[Provided material]
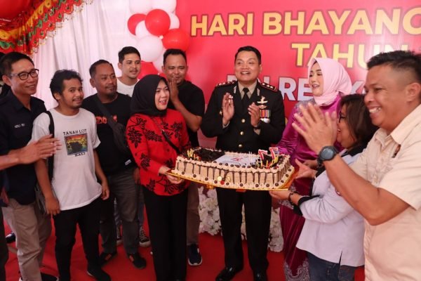 Kapolres Kotamobagu AKBP Dasveri Abdi SIK didampingi Oleh ketua bhyangkari cabang turut merayakan momen spesial dengan pemotongan tumpeng oleh personel tertua dan termuda, dan menjadi simbol kebersamaan serta penghormatan terhadap tradisi dan nilai-nilai kebhayangkaraan.
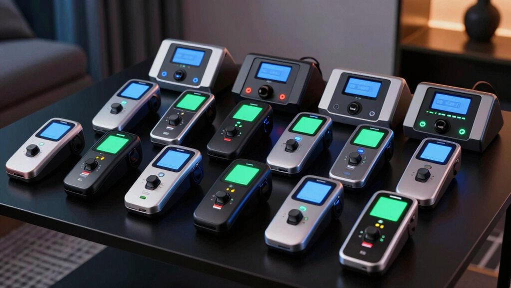 When choosing a counterfeit bill detector for home use, the power supply options can considerably impact how convenient and versatile the device is. I consider whether I prefer battery power, AC adapters, or USB connections based on my mobility needs. Battery-powered models are great for portability, especially if I need to move the device around or use it in places without outlets. Rechargeable batteries add convenience by reducing the need for frequent replacements. Some detectors offer dual power options, combining rechargeable batteries with AC adapters, giving me flexibility in different environments. Additionally, power management features like automatic sleep mode or on/off sensors help extend battery life and save energy. Ultimately, choosing the right power supply ensures my detector is reliable, easy to use, and suitable for various situations.
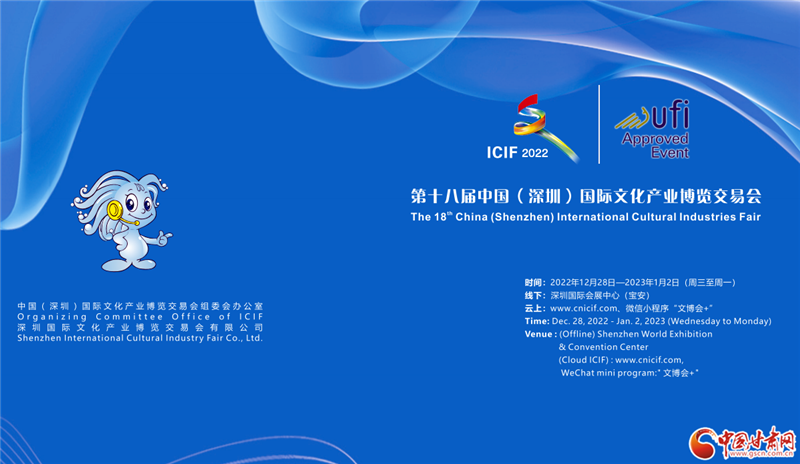 本屆文博會由中宣部、文旅部、商務部、國家廣播電視總局、中國國際貿易促進委員會、廣東省政府和深圳市政府聯合主辦,國家廣電總局輪值主辦,深圳報業集團、深圳廣播電影電視集團、深圳出版集團有限公司、深圳國際文化產業博覽交易會有限公司承辦。線下主會場將于12月28日至2023年1月2日在深圳國際會展中心9-14號館舉辦,12月29日起正式向公眾開放。云上文博會平臺設在文博會官網(www.cnicif.com)、微信小程序“文博會+”,與線下主會場展覽時間同步,全天24小時開放。此外,本屆文博會還設立了65家分會場,分別設立在深圳市各區(新區),目前各分會場已陸續啟動展覽展示與交易活動。
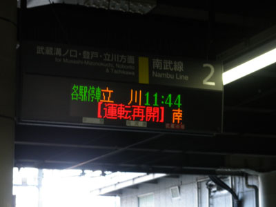 幸いにも、南武線は運転を再開していて、5分の遅れで済んでました。
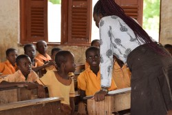 ガーナのアッパー・イースト州北部、サンデマ地域にある小学校。今日の算数の授業は、割り算についてです。パトリシア・アデボリンサちゃんも、先生の話に耳を傾けます。
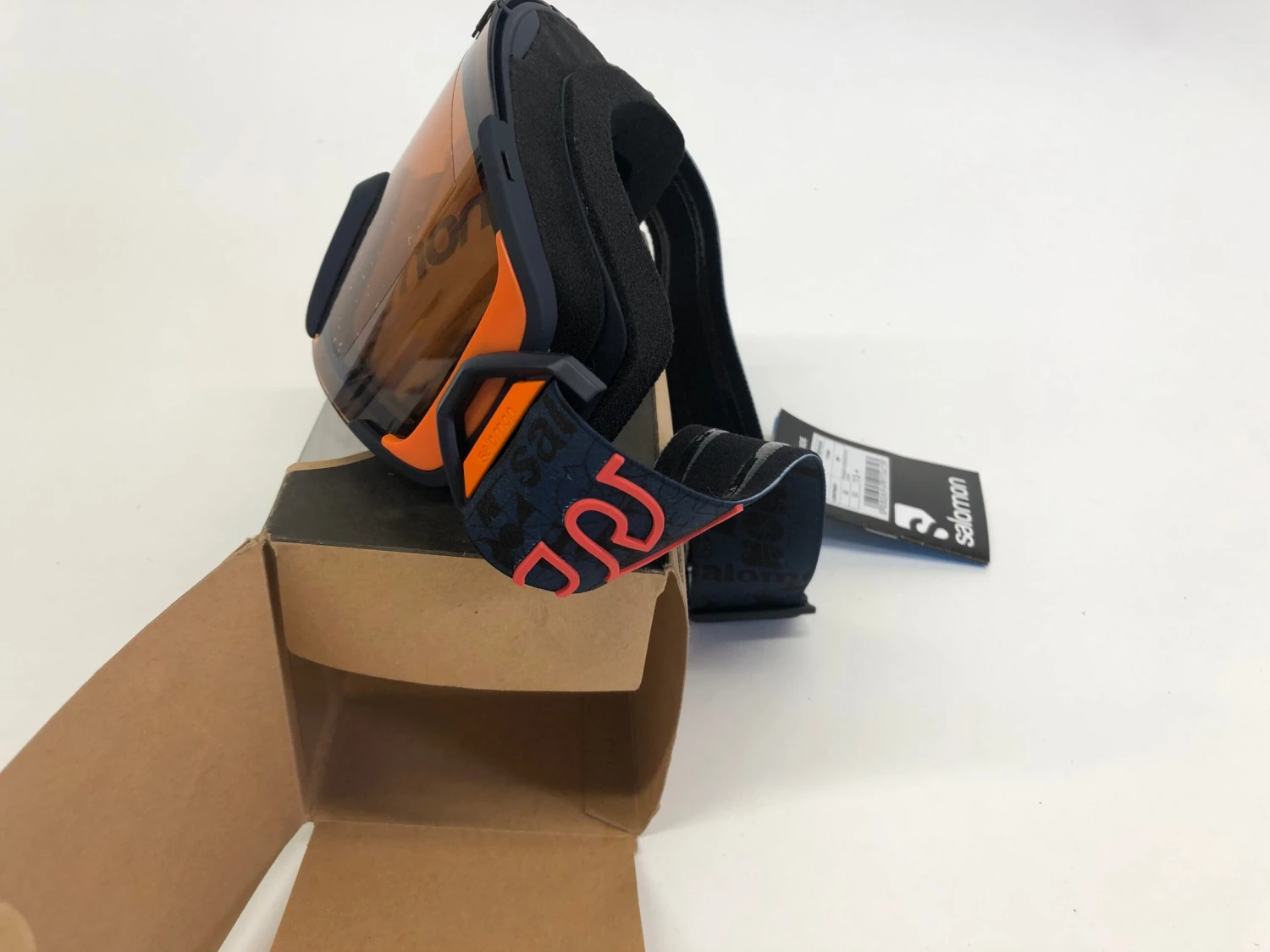 Nieuwe skibril van Salomon: de X-View oranje universele lens en oranje / blauwe accenten. Bril komt geleverd met een zakje voor je bril in op te bergen.
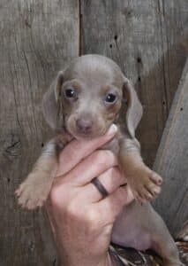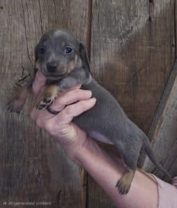 This is Lil Peb’s blue and tan smooth hair male AKC miniature Dachshund puppy #1 born 12-16-25
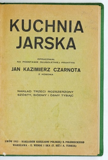CZARNOTA Jan Kazimierz - Kuchnia jarska. Opracował na podst. długoletniej praktyki ... z Kosowa. Nakł. III rozszerzony. Lwów 1912. Księg. Polska B. Połonieckiego. 16d, s. VII, [1], 231, [2]. opr. wsp. pł. z zach. okł. brosz.
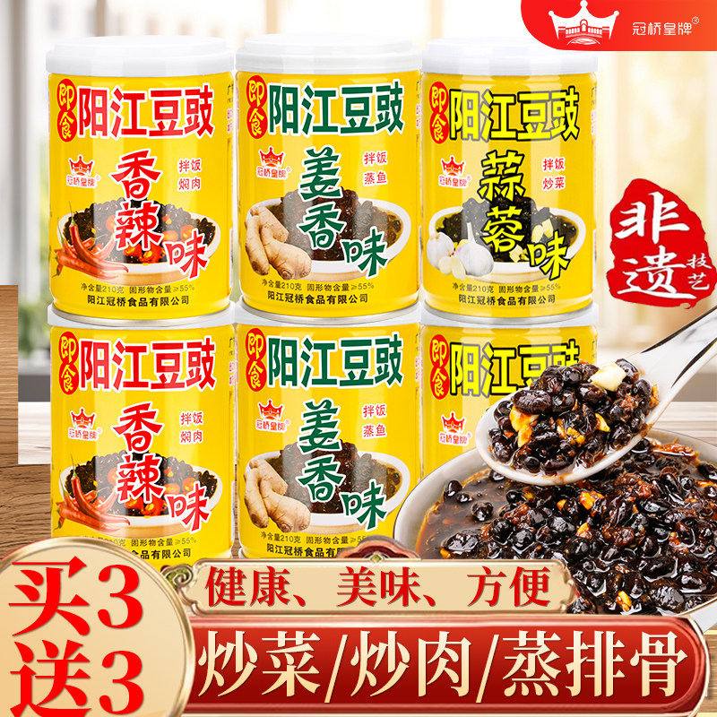 天猫冠桥皇牌旗舰店,广东正宗阳江豆豉酱210g6罐装
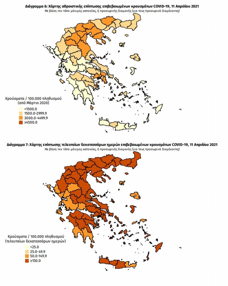 Ο χάρτης αποτυπώνει τη γεωγραφική κατανομή των συνολικών κρουσμάτων COVID-19 (από την αρχή της επιδημίας) ανά Περιφερειακή Ενότητα της χώρας, με βάση την δηλωθείσα διεύθυνση μόνιμης κατοικίας του ασθενούς, ή τη διεύθυνση προσωρινής διαμονής για τους τουρίστες και άλλους προσωρινά διαμένοντες στην Ελλάδα. Συμπεριλαμβάνονται τόσο κρούσματα με ιστορικό ταξιδίου (“εισαγόμενα”) όσο και κρούσματα με πιθανή εγχώρια μετάδοση.
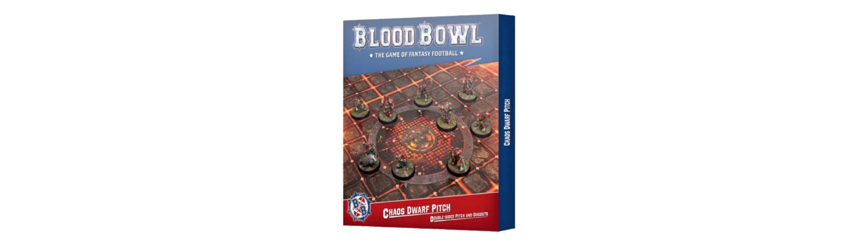 The Games Workshop Blood Bowl Chaos Dwarf Team Pitch and Dugouts Card Scenery 202-46 features a double-sided pitch that provides an impressive arena for your games, along with distinct dugouts to effectively manage your players.

[What is required] Would you copy out every line of the data above exactly, minus the pictures?

[Worked solution]
 Kapolres Kotamobagu AKBP Dasveri Abdi SIK didampingi Oleh ketua bhyangkari cabang turut merayakan momen spesial dengan pemotongan tumpeng oleh personel tertua dan termuda, dan menjadi simbol kebersamaan serta penghormatan terhadap tradisi dan nilai-nilai kebhayangkaraan.
 When choosing a counterfeit bill detector for home use, the power supply options can considerably impact how convenient and versatile the device is. I consider whether I prefer battery power, AC adapters, or USB connections based on my mobility needs. Battery-powered models are great for portability, especially if I need to move the device around or use it in places without outlets. Rechargeable batteries add convenience by reducing the need for frequent replacements. Some detectors offer dual power options, combining rechargeable batteries with AC adapters, giving me flexibility in different environments. Additionally, power management features like automatic sleep mode or on/off sensors help extend battery life and save energy. Ultimately, choosing the right power supply ensures my detector is reliable, easy to use, and suitable for various situations.
 本屆文博會由中宣部、文旅部、商務部、國家廣播電視總局、中國國際貿易促進委員會、廣東省政府和深圳市政府聯合主辦,國家廣電總局輪值主辦,深圳報業集團、深圳廣播電影電視集團、深圳出版集團有限公司、深圳國際文化產業博覽交易會有限公司承辦。線下主會場將于12月28日至2023年1月2日在深圳國際會展中心9-14號館舉辦,12月29日起正式向公眾開放。云上文博會平臺設在文博會官網(www.cnicif.com)、微信小程序“文博會+”,與線下主會場展覽時間同步,全天24小時開放。此外,本屆文博會還設立了65家分會場,分別設立在深圳市各區(新區),目前各分會場已陸續啟動展覽展示與交易活動。
 幸いにも、南武線は運転を再開していて、5分の遅れで済んでました。
 ガーナのアッパー・イースト州北部、サンデマ地域にある小学校。今日の算数の授業は、割り算についてです。パトリシア・アデボリンサちゃんも、先生の話に耳を傾けます。
 Nieuwe skibril van Salomon: de X-View oranje universele lens en oranje / blauwe accenten. Bril komt geleverd met een zakje voor je bril in op te bergen.
 This is Lil Peb’s blue and tan smooth hair male AKC miniature Dachshund puppy #1 born 12-16-25
CZARNOTA Jan Kazimierz - Kuchnia jarska. Opracował na podst. długoletniej praktyki ... z Kosowa. Nakł. III rozszerzony. Lwów 1912. Księg. Polska B. Połonieckiego. 16d, s. VII, [1], 231, [2]. opr. wsp. pł. z zach. okł. brosz.
 天猫冠桥皇牌旗舰店,广东正宗阳江豆豉酱210g6罐装
 Ο χάρτης αποτυπώνει τη γεωγραφική κατανομή των συνολικών κρουσμάτων COVID-19 (από την αρχή της επιδημίας) ανά Περιφερειακή Ενότητα της χώρας, με βάση την δηλωθείσα διεύθυνση μόνιμης κατοικίας του ασθενούς, ή τη διεύθυνση προσωρινής διαμονής για τους τουρίστες και άλλους προσωρινά διαμένοντες στην Ελλάδα. Συμπεριλαμβάνονται τόσο κρούσματα με ιστορικό ταξιδίου (“εισαγόμενα”) όσο και κρούσματα με πιθανή εγχώρια μετάδοση.
 The Games Workshop Blood Bowl Chaos Dwarf Team Pitch and Dugouts Card Scenery 202-46 features a double-sided pitch that provides an impressive arena for your games, along with distinct dugouts to effectively manage your players.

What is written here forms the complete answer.